İçinde bulunduğumuz pandemi döneminde hijyene ve temizliğe daha fazla dikkat ediyoruz. Ellerimizi daha sık ve bol suyla yıkıyor, yediğimiz sebze, meyve gibi gıdaları birkaç kez yıkamadan güvenle yiyemiyoruz. Bunların hepsi haddinden fazla su tüketimine ve su israfına neden oluyor.
Su israfını önlemek için...
1.Tıraş olma, diş fırçalama gibi suyun sürekli akmasına ihtiyacımızın olmadığı vakitlerde musluğu kapamalı, gerek duyunca açmalıyız.
2. Duş alırken geçirdiğimiz süreyi mümkün olduğunca kısa tutmalı, gereksiz, boş yere su harcamamalıyız.
3.Bulaşıkları elde yıkamak yerine bulaşık makinesinde yıkamayı tercih etmeliyiz.
4.Sebze ve meyveleri musluk açık olarak elde yıkamak yerine, su dolu bir kapta devir daim şeklinde yıkamalıyız.
5.İçme suyu dışındaki suları bir kaç kez biriktirip tekrar kullanabiliriz. Mesela sebze meyve yıkadığımız su ile çiçekleri sulayabilir, balkon yıkayabiliriz.
6.Sıcak suyun gelmesini beklerken akan suyu şişelerde biriktirip başka amaçlarla kullanabiliriz.
7.Tuvalet sifonu çok fazla su akıttığı için gereksiz yere sifonu kullanmamalıyız.
8.Mutfakta, banyoda, lavabolarda, su basıncını arttıran ama su akışını azaltan sistemler tercih etmeliyiz.
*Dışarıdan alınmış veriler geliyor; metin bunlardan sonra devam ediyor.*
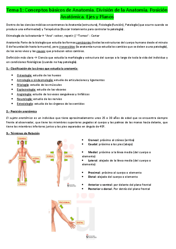 Tema 1.- Conceptos básicos de Anatomía. División de la Anatomía. Posición Anatómica. Ejes y Planos.pdf
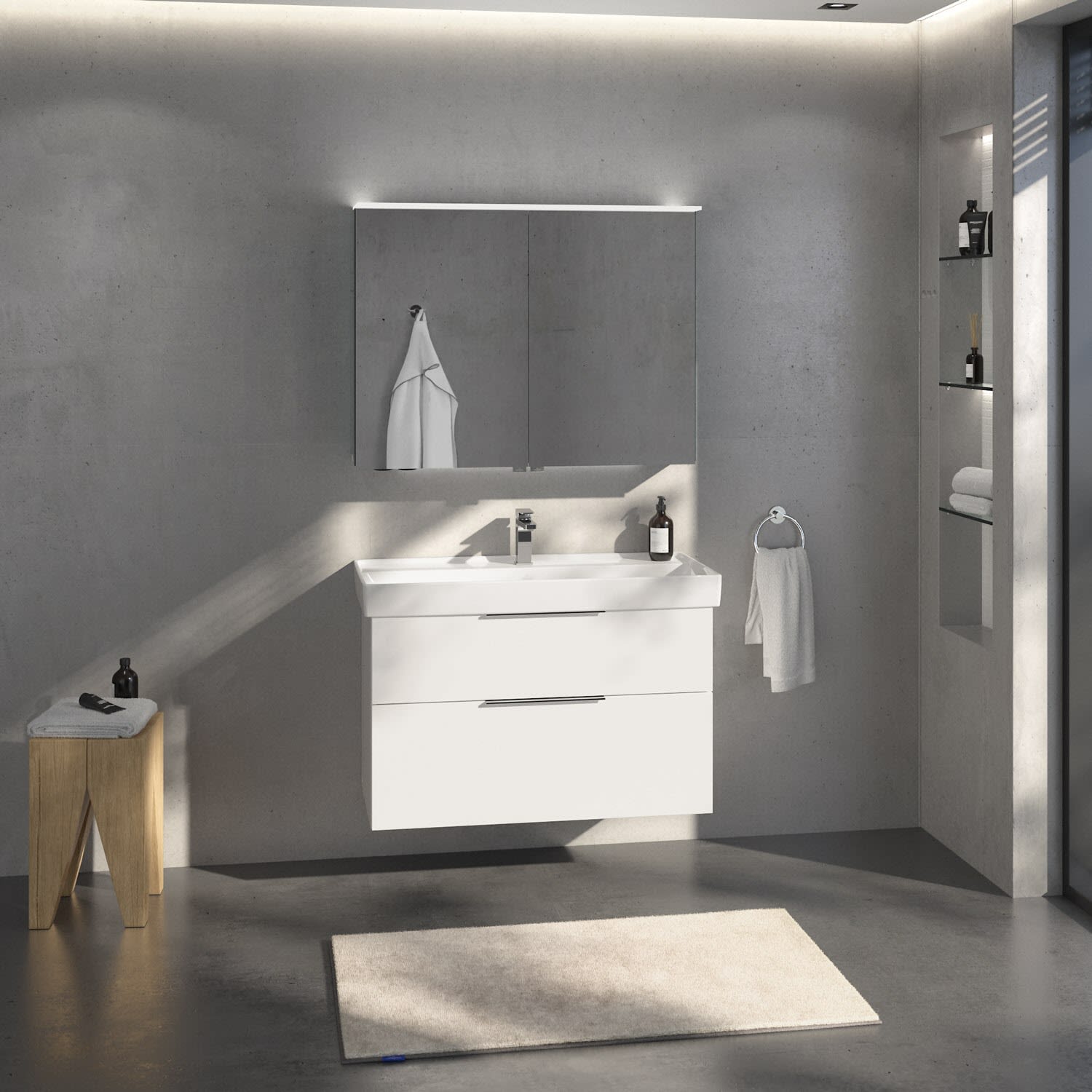 - Der abgebildete Waschtisch und die abgebildete Armatur sowie zusätzlich gezeigtes Zubehör sind nicht im Lieferumfang enthalten. Diese Artikel finden Sie im Zubehör (siehe unten) und können bei Bedarf separat mitbestellt werden.

‘Bu dönemde yaşanan israf su krizini arttıracak'
Koronavirüs salgının yeni başladığı vakitlerde 22 Mart Dünya Su Günü'nde Greenpeace Türkiye yayımladığı bildiride su israfına dikkat çekti. Bildiriyle ilgili konuşan Greenpeace Akdeniz Okyanuslar Proje sorumlusu Nihan Temiz Ateş,
“Temiz su kaynaklarına ulaşımın önemi belki de daha önce hiç bu kadar iyi anlaşılmamıştı” diyor ve anlatıyor: “Koronavirüs döneminde yaşanan su israfı sebebiyle dünyada su krizinin artması bekleniyor. Türkiye üç tarafı denizlerle çevrili bir ülke olsa da su stresi kategorisi yaşama kategorisinde gösteriliyor. Biliyoruz ki her damla su bizim için hayati. Virüsle başa çıkmanın en başında hijyen kurallarına uymak var. Yani suya bağımlılığımız daha da artmış durumda. İklim değişikliği, kömür ve petrol sebebiyle su kaynakları hızla kirleniyor. Su yoksa gelecek de yok. Bu dönemde el yıkarken muslukların açık tutulmaması, bilinçli olarak ihtiyaç dışı tüketimlerin azaltılması gerekiyor. Her yıl dünyanın su kullanımı yüzde 1 artıyor. Şu anda dünyada yaşayan her 10 insandan 3’ünün güvenli içme suyuna erişimi yok. Araştırmalar gösteriyor ki 2040 yılında 600 milyon 18 yaş altı çocuk su stresinin yaşandığı bölgelerde yaşayarak susuzluktan etkilenecek. Bu dönemde suyu israf etmemek çok önemli.” dedi.
Greenpeace’in yayımladığı bildiride yer alan maddelerden bazıları;
-Suya küresel talep 1980’lerden bu yana her sene yaklaşık yüzde 1 oranında artıyor. Bu da 2050 yılında şu ankinden yüzde 20 ila 30 daha fazla suya ihtiyaç olacağı anlamına geliyor.
-Dünya nüfusunun yaklaşık 4’te birine ev sahipliği yapan 17 ülke “çok yüksek” su stresi ile karşı karşıya…
-Dünya nüfusunun yüzde 25’i bir su krizinin eşiğinde… Bu oranın 2025 senesinde yüzde 60 olması bekleniyor.
-4 milyar insan, senede en az bir ay ciddi su kıtlığı yaşıyor. Hesaplamalara göre 2050’de bu rakamın 4,8 ila 5,7 milyara yükseleceği tahmin ediliyor. Dünya üzerinde taze suyun yüzde 60’ı ülke sınırlarını oluşturan dere yataklarından elde ediliyor, olası bir su kıtlığının bu nedenle ülkeler arasında beklenmedik rekabetlere neden olmasından endişe duyuluyor.